Starting with the line that contains "ドラえもんたちがひみつ道具を使うシーンを切り取ったダイカットポストカード。" and ending with the last line of the listing, print each line exactly. Pictures stay out.

[Start of section]

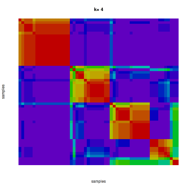 Figure 4. Get High-res Image The consensus matrix after clustering shows 4 clusters with limited overlap between clusters.
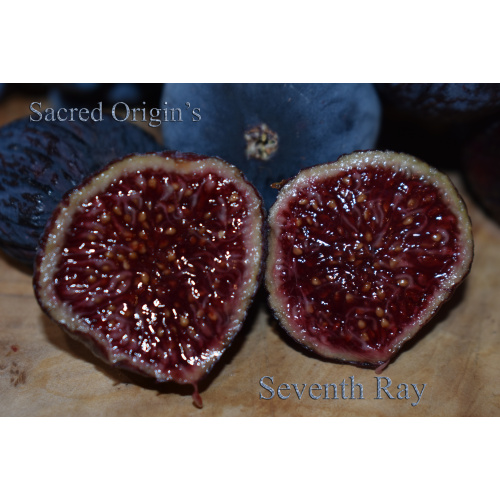 A rare and desirable cultivar, the Seventh Ray fig is as much a feast for the eyes as it is for the senses—one of those rare fruits that feels like it carries something ancient, sacred, and sublime.
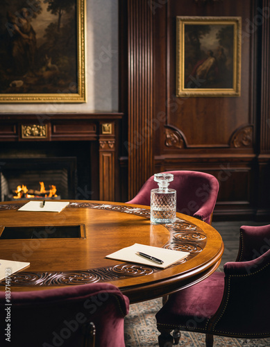 © SolaruS, Obraz premium Exclusive meeting room with round table, ready for negotiation. Warm light, classic style. Perfect for finance, leadership, strategy, or design concepts.
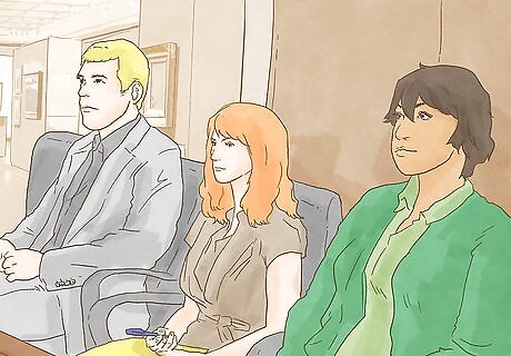 Sit in on a trial. If you are representing yourself, then you would benefit greatly from sitting in on a trial. Courthouses are generally open to the public, and you can sit in on any trial or hearing being held. Be sure to pay attention to the following: How people dress. You want to look professional during your trial, so look to see what is standard court attire. Where the people sit. Look where the plaintiff sits and where the defendant does. Does each have a table? How they talk to the judge. Do they call the judge “Your Honor” or by the judge’s last name (such as “Judge Smith”)? Do they talk to the judge while standing at their table, or do they approach the judge’s bench? How they question witnesses. Where do the lawyers stand when they ask witnesses questions? Do they stand at a lectern? Sit at their table? What tone of voice do they use when asking witnesses questions?
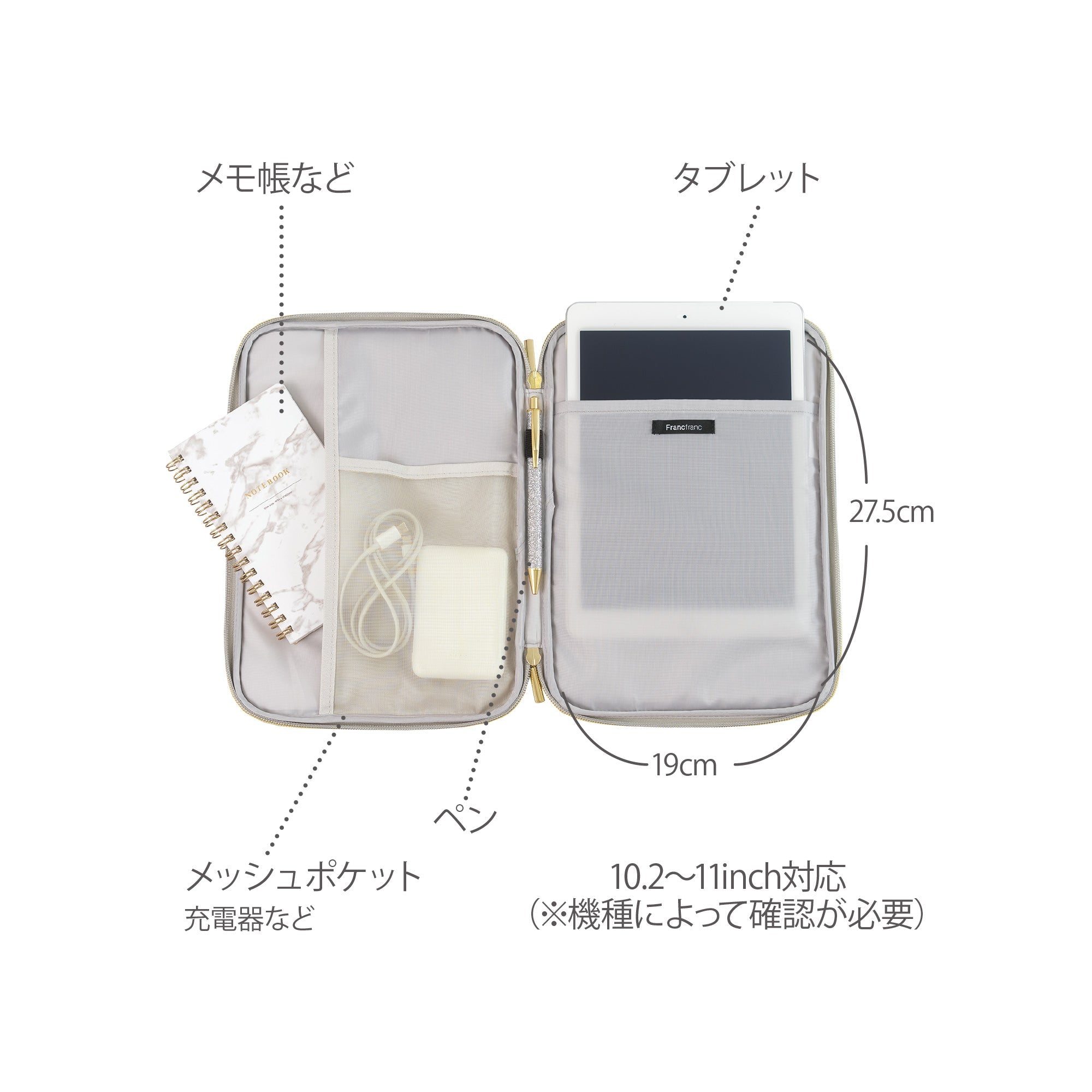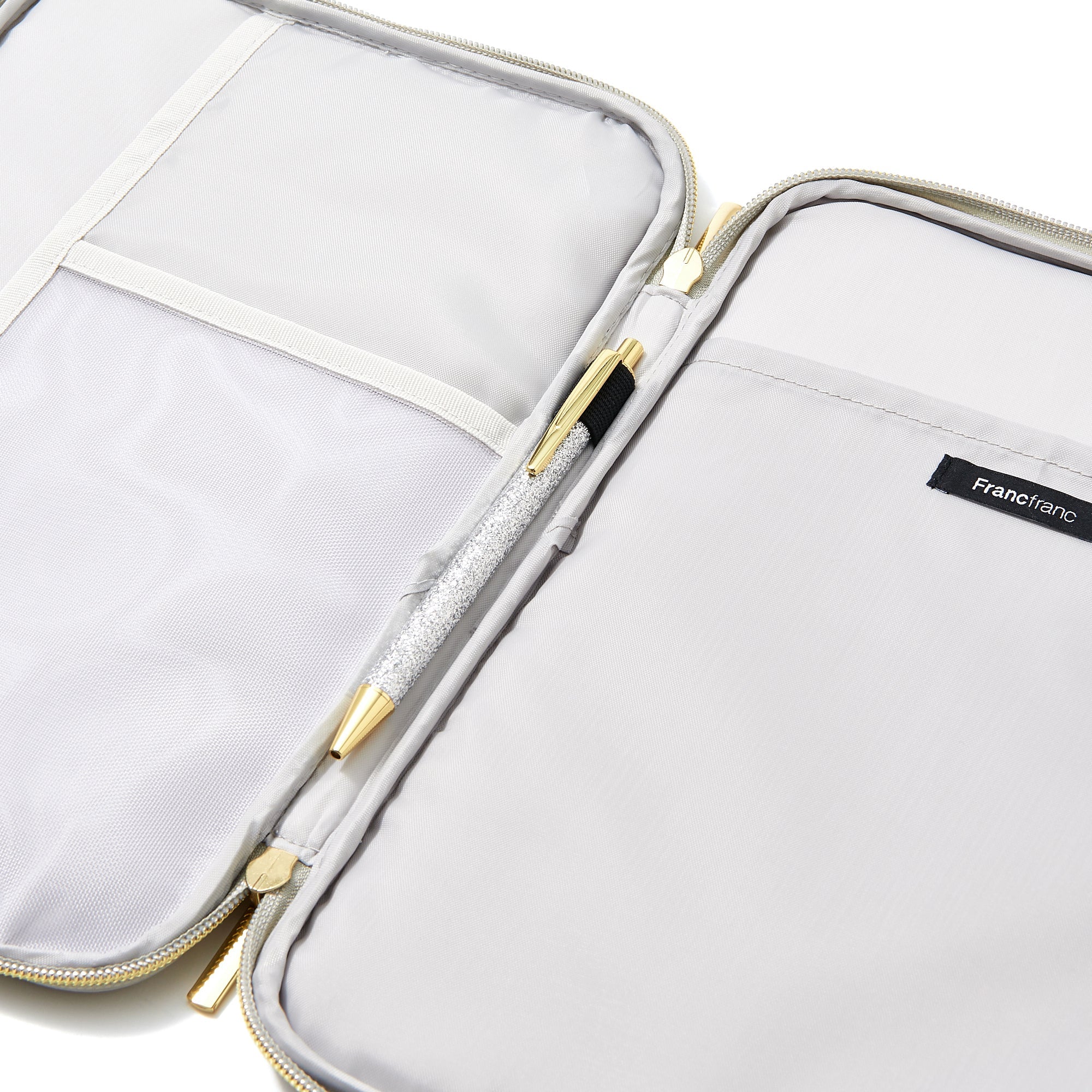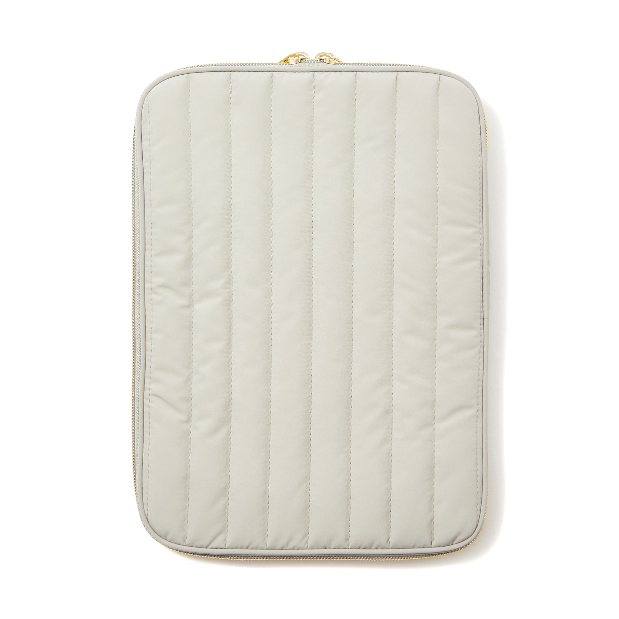 テレワーク生活に便利なタブレットケースです。 10.2~11インチ対応、ペンホルダーとポケット2つ付きで仕事道具が使いやすく収納できます。 そのままお部屋に置いておいてもインテリアになじむナチュラルなデザイン。 綿が入ったキルティング素材はクッション性があり、大切なアイテムをしっかり守ります。 このままバッグインバッグとして通勤バッグに入れてもOKです。 ゴールドの金具とロゴがさりげないポイントです。
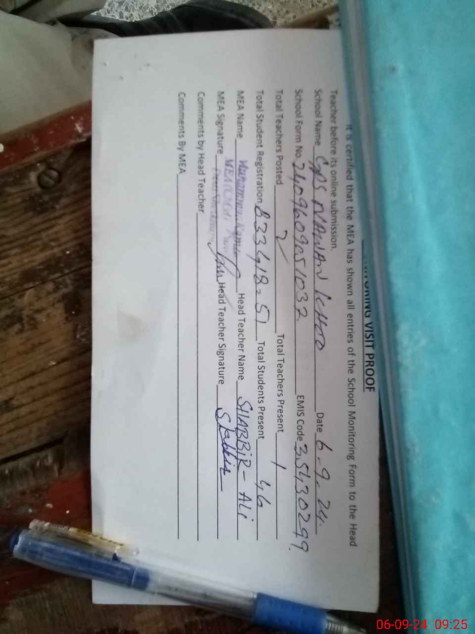 | Attendance Register | Head Teacher | MEA with School | Visit Proof |
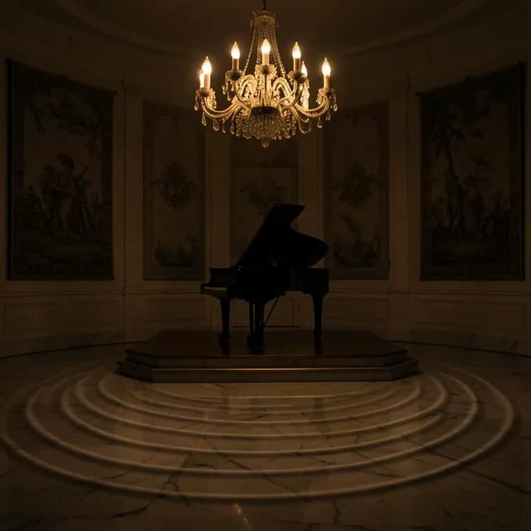 Darkly elegant chamber piece in a minor key; silver, singing piano leads with agile right-hand runs and ominous left-hand figures. Cello holds a tense, driving ostinato while viola and violins weave close-voiced harmonies and sharp accents. Flute enters as a ghostly, lyrical counter-voice, occasionally doubling and then breaking away into high, icy flourishes. Dynamic swell from hushed, suspenseful opening to a stormy, martial peak, then a poised, candlelit fade. Instrumental, 2–3 minutes, concert hall ambience., string quartet, cello
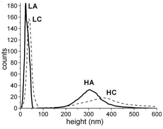 This is because, compared with the HA and HC samples, the LA and LC samples had a more compact particle arrangement, with smaller voids between them, which narrowed the height distribution. This was also shown by other authors [44,45], who correlated the roughness (or the width of the height distribution) of nanoparticle layers with the experimentally measured nanoparticle sizes, and also with the way the particles are packed [44]. For a closely (or orderly) packed spherical structure, with spheres tangent to one another (particle-near-particle), the roughness is low and the AFM height distribution approaches the particle diameter distribution (roughness approaches the average diameter of the particles). But when the same particles are randomly packed in a more porous arrangement, the roughness increases [45]. Thus, it can be concluded that, for the LA and LC samples, the structures were more compact with lower porosity (smaller voids between particles) and, consequently, with narrower height distribution than the HA and HC samples.
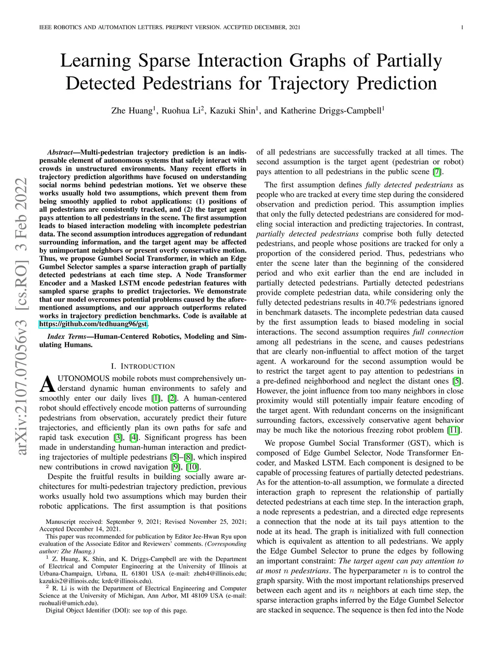 Multi-pedestrian trajectory prediction is an indispensable element of autonomous systems that safely interact with crowds in unstructured environments. Many recent efforts in trajectory prediction algorithms have focused on understanding social norms behind pedestrian motions. Yet we observe these works usually hold two assumptions, which prevent them from being smoothly applied to robot applications: (1) positions of all pedestrians are consistently tracked, and (2) the target agent pays attention to all pedestrians in the scene. The first assumption leads to biased interaction modeling with incomplete pedestrian data. The second assumption introduces aggregation of redundant surrounding information, and the target agent may be affected by unimportant neighbors or present overly conservative motion. Thus, we propose Gumbel Social Transformer, in which an Edge Gumbel Selector samples a sparse interaction graph of partially detected pedestrians at each time step. A Node Transformer Encoder and a Masked LSTM encode pedestrian features with sampled sparse graphs to predict trajectories. We demonstrate that our model overcomes potential problems caused by the aforementioned assumptions, and our approach outperforms related works in trajectory prediction benchmarks. Code is available at \url{https://github.com/tedhuang96/gst}.
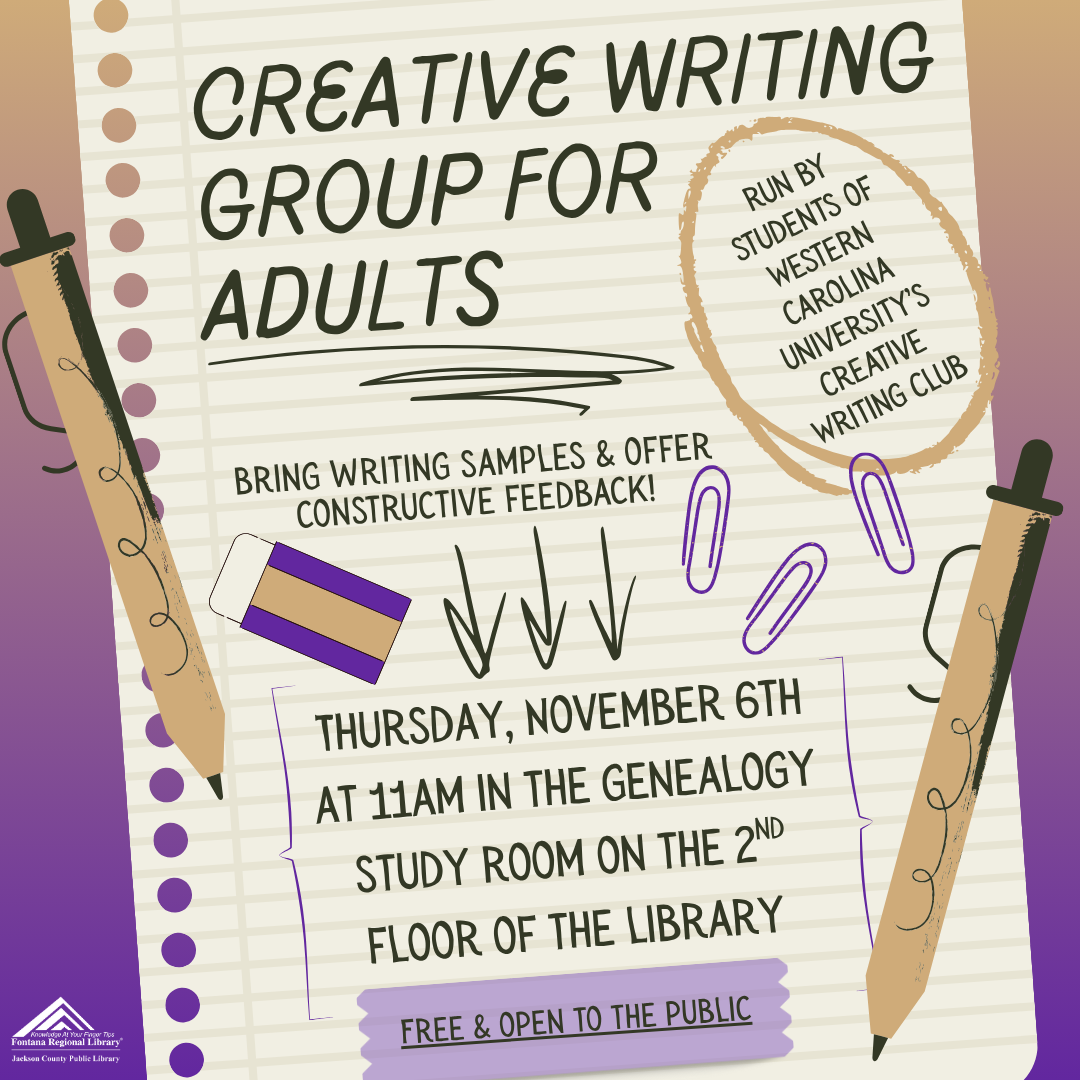 Join us at the Jackson County Public Library for a creative writing workshop for adults on Thursday, November 6th at 11am. The workshop is hosted by members of WCU’s Creative Writing Club and participants are encouraged to bring writing samples to share with the group and offer constructive feedback. This workshop is free and open to the public. For more information please call the library at 828-586-2016. The Jackson County Public Library is a member of the Fontana Regional Library.
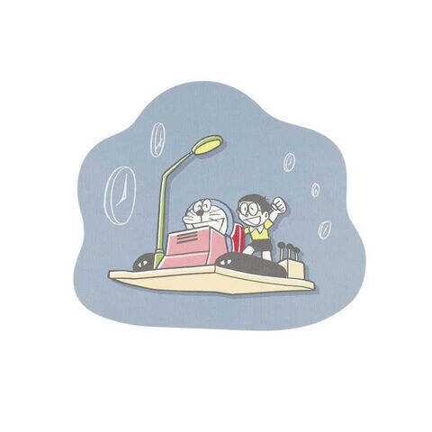 ドラえもんたちがひみつ道具を使うシーンを切り取ったダイカットポストカード。
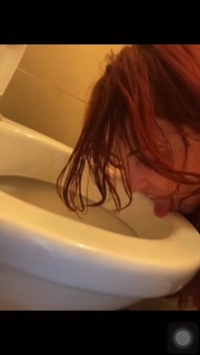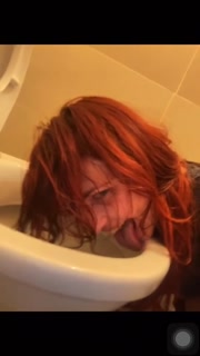 A webcam slut licks toilet, floor and shoes with a clamp on her tongue while show
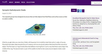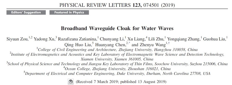该成果入选PRL封面故事及编辑推荐,并且被APS的Physics以“Hydrodynamic Cloaks”为题亮点报道。Physics World头版头条以“Broadband cloak controls water waves in harbours”为题报道该成果,Science News也以“New cloaking devices could hide objects from water waves and currents”为题做专访报道。
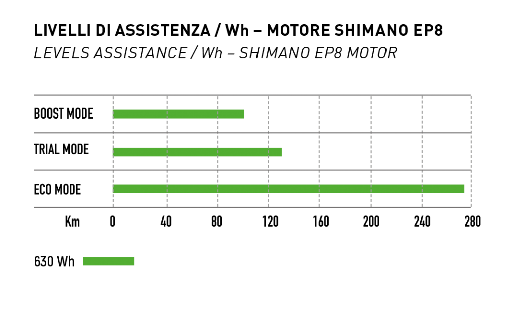 É possibile scegliere tra 10 livelli di servoassistenza. 5 livelli di servoassistenza in partenza oppure si può selezionare la coppia massima più adeguata scegliendo tra tre modalità (Eco, Trail e/o Boost).

[End of section]

### Expected output:
 ドラえもんたちがひみつ道具を使うシーンを切り取ったダイカットポストカード。
 A webcam slut licks toilet, floor and shoes with a clamp on her tongue while show
该成果入选PRL封面故事及编辑推荐,并且被APS的Physics以“Hydrodynamic Cloaks”为题亮点报道。Physics World头版头条以“Broadband cloak controls water waves in harbours”为题报道该成果,Science News也以“New cloaking devices could hide objects from water waves and currents”为题做专访报道。
 É possibile scegliere tra 10 livelli di servoassistenza. 5 livelli di servoassistenza in partenza oppure si può selezionare la coppia massima più adeguata scegliendo tra tre modalità (Eco, Trail e/o Boost).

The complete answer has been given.